═══ THE DATA

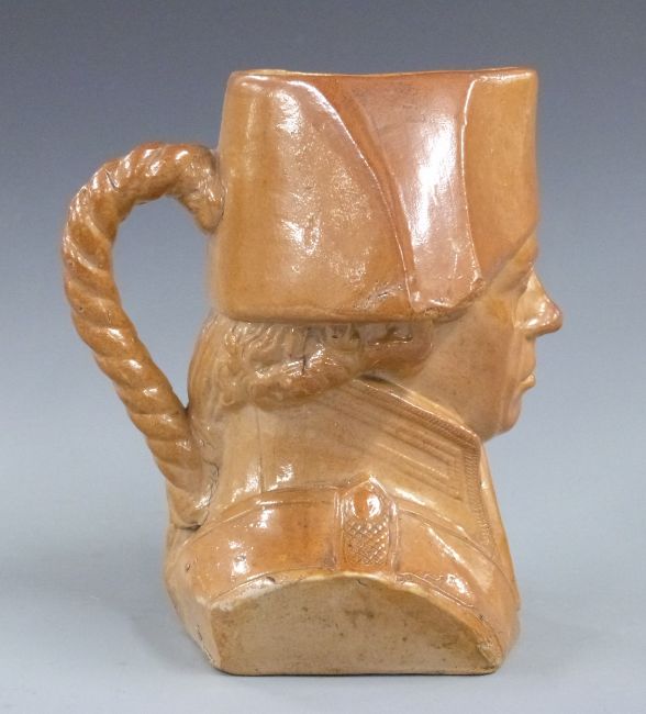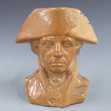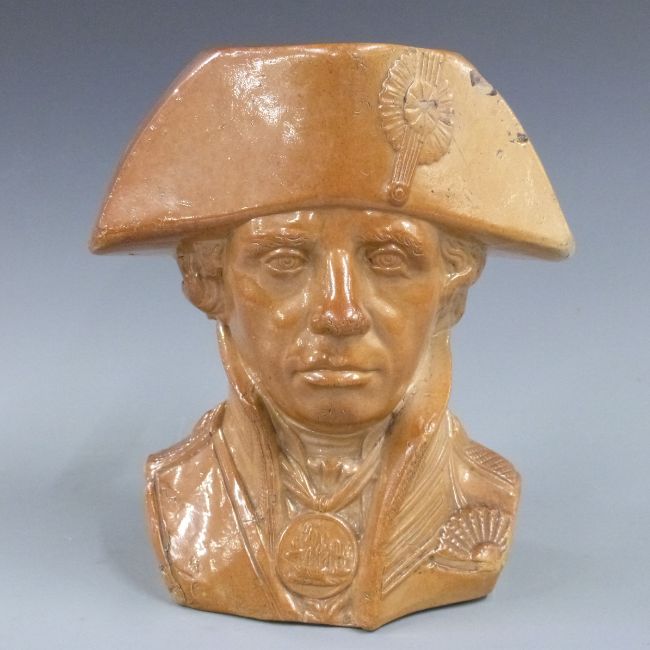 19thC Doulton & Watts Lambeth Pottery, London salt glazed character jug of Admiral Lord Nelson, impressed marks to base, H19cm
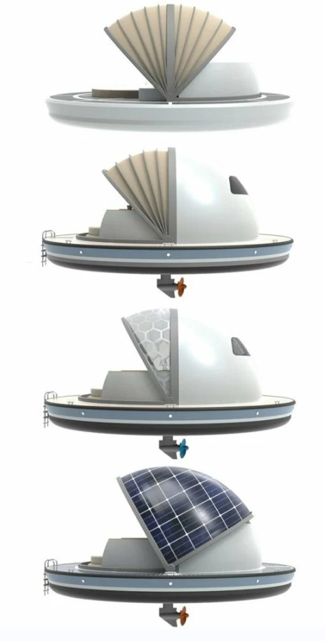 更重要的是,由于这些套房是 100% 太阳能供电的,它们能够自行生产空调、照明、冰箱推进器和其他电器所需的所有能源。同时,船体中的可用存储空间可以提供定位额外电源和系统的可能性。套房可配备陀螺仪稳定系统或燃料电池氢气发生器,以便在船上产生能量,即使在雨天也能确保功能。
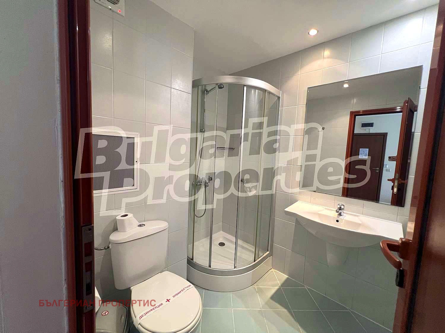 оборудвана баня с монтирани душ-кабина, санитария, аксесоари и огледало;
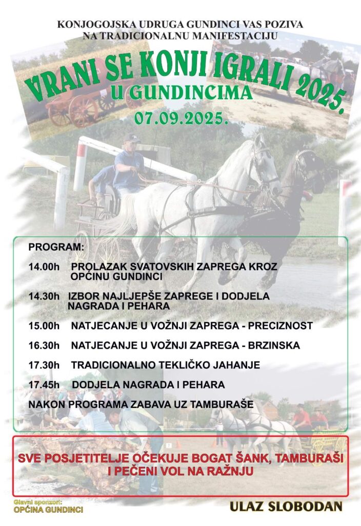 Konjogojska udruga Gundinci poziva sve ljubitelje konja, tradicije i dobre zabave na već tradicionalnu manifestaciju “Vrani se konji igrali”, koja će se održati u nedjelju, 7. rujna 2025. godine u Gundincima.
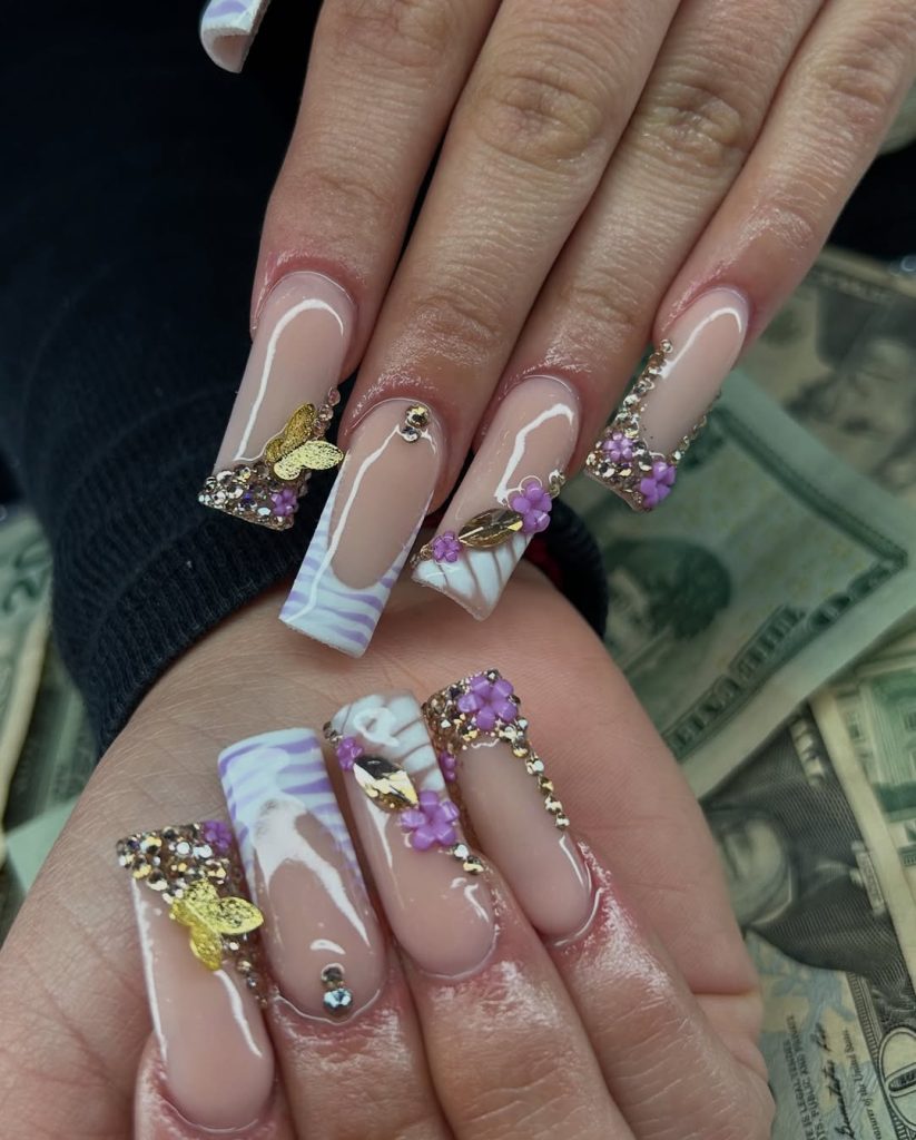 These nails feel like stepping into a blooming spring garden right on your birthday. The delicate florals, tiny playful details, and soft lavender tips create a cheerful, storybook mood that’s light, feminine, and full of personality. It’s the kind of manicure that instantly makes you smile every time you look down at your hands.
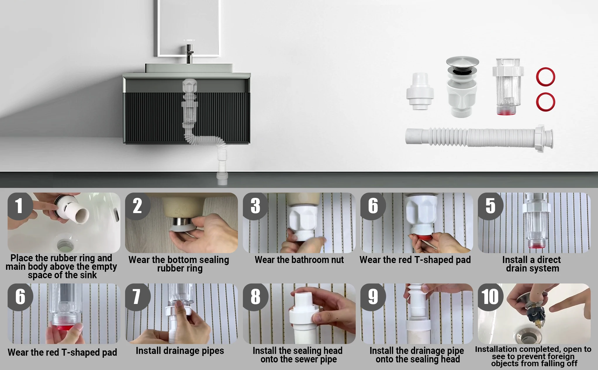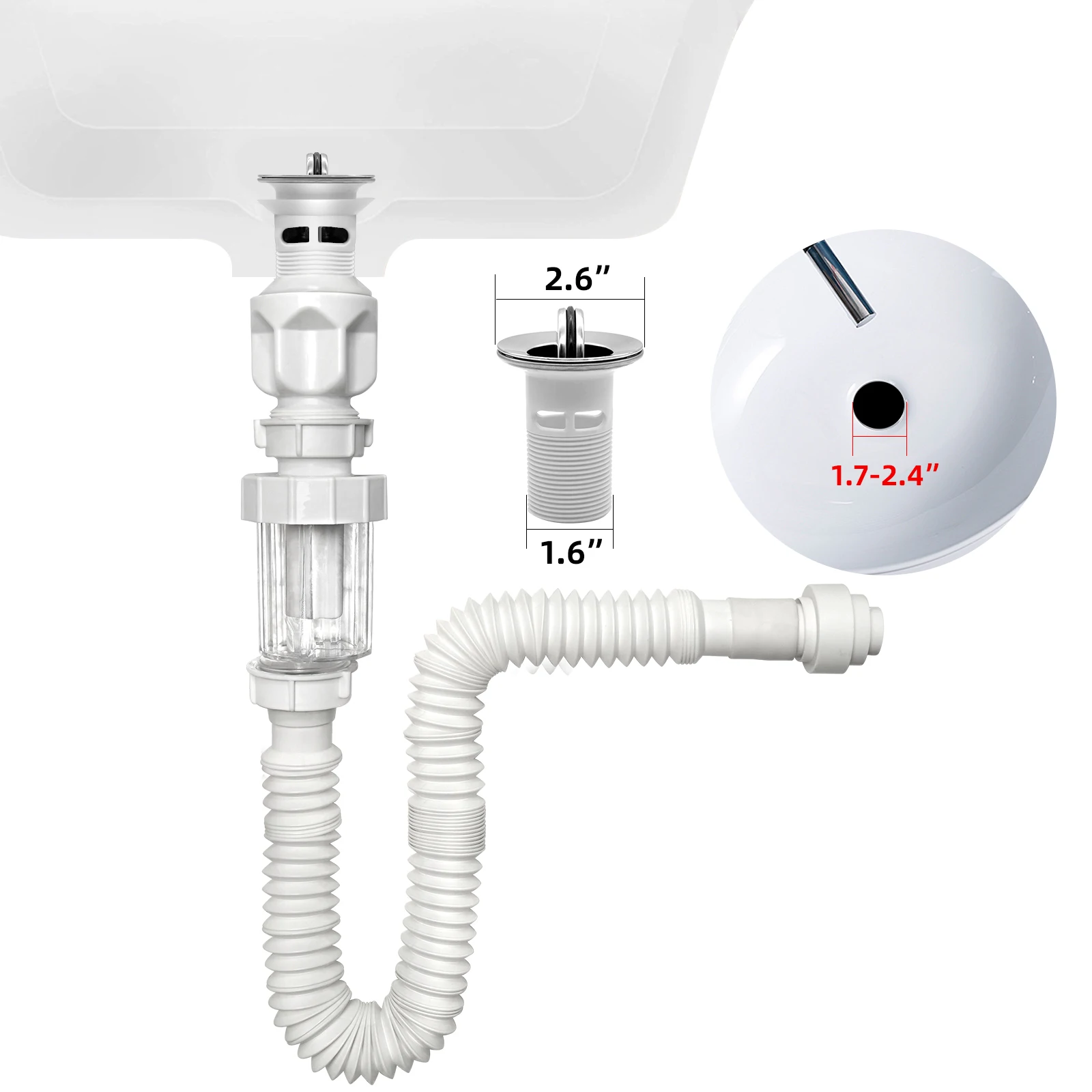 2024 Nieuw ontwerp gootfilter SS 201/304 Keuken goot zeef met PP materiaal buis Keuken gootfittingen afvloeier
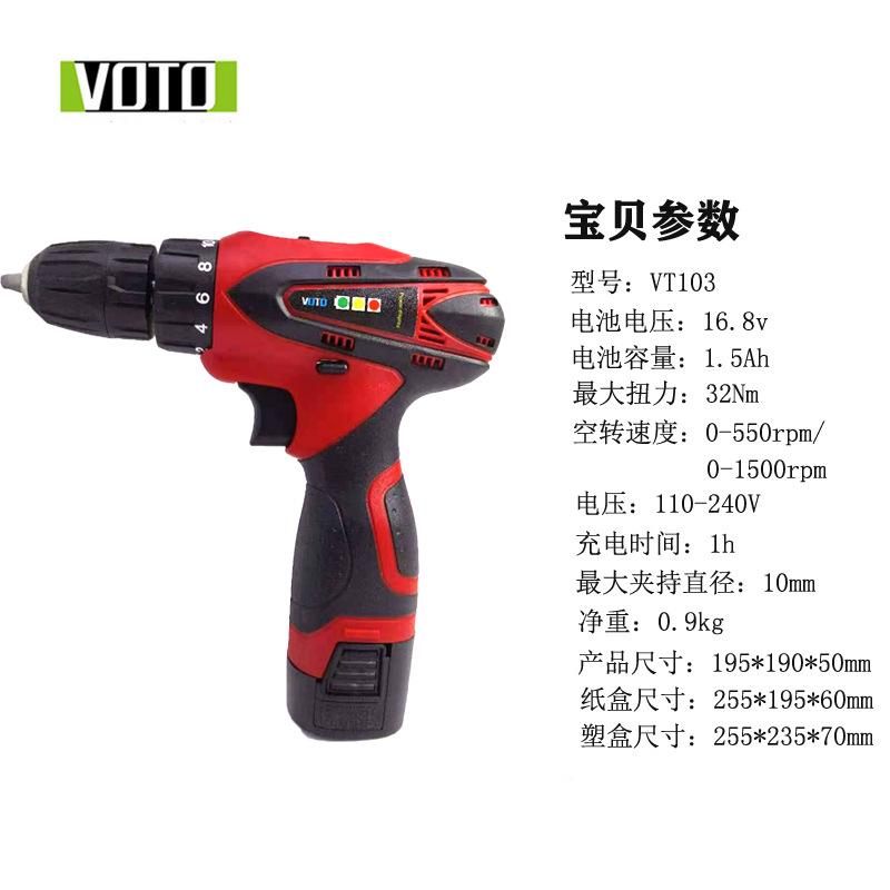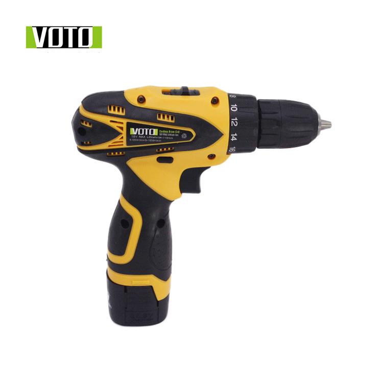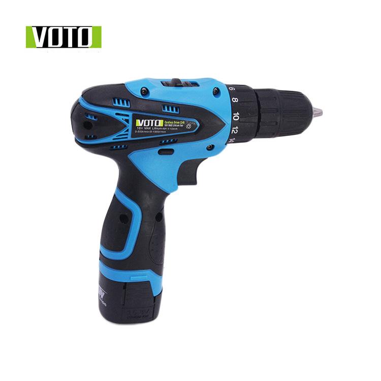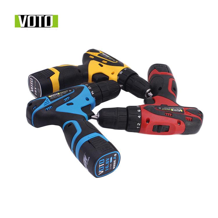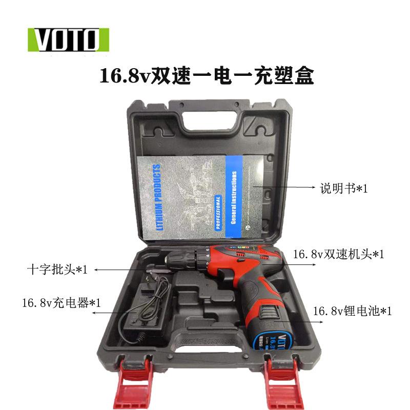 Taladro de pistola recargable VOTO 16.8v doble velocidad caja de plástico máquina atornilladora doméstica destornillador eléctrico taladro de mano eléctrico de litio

══════

▶ [REQUIRED WORK] Write out the whole of the data exactly; the pictures stay out.

▶ [EXPECTED ANSWER]
 19thC Doulton & Watts Lambeth Pottery, London salt glazed character jug of Admiral Lord Nelson, impressed marks to base, H19cm
 更重要的是,由于这些套房是 100% 太阳能供电的,它们能够自行生产空调、照明、冰箱推进器和其他电器所需的所有能源。同时,船体中的可用存储空间可以提供定位额外电源和系统的可能性。套房可配备陀螺仪稳定系统或燃料电池氢气发生器,以便在船上产生能量,即使在雨天也能确保功能。
 оборудвана баня с монтирани душ-кабина, санитария, аксесоари и огледало;
 Konjogojska udruga Gundinci poziva sve ljubitelje konja, tradicije i dobre zabave na već tradicionalnu manifestaciju “Vrani se konji igrali”, koja će se održati u nedjelju, 7. rujna 2025. godine u Gundincima.
 These nails feel like stepping into a blooming spring garden right on your birthday. The delicate florals, tiny playful details, and soft lavender tips create a cheerful, storybook mood that’s light, feminine, and full of personality. It’s the kind of manicure that instantly makes you smile every time you look down at your hands.
 2024 Nieuw ontwerp gootfilter SS 201/304 Keuken goot zeef met PP materiaal buis Keuken gootfittingen afvloeier
 Taladro de pistola recargable VOTO 16.8v doble velocidad caja de plástico máquina atornilladora doméstica destornillador eléctrico taladro de mano eléctrico de litio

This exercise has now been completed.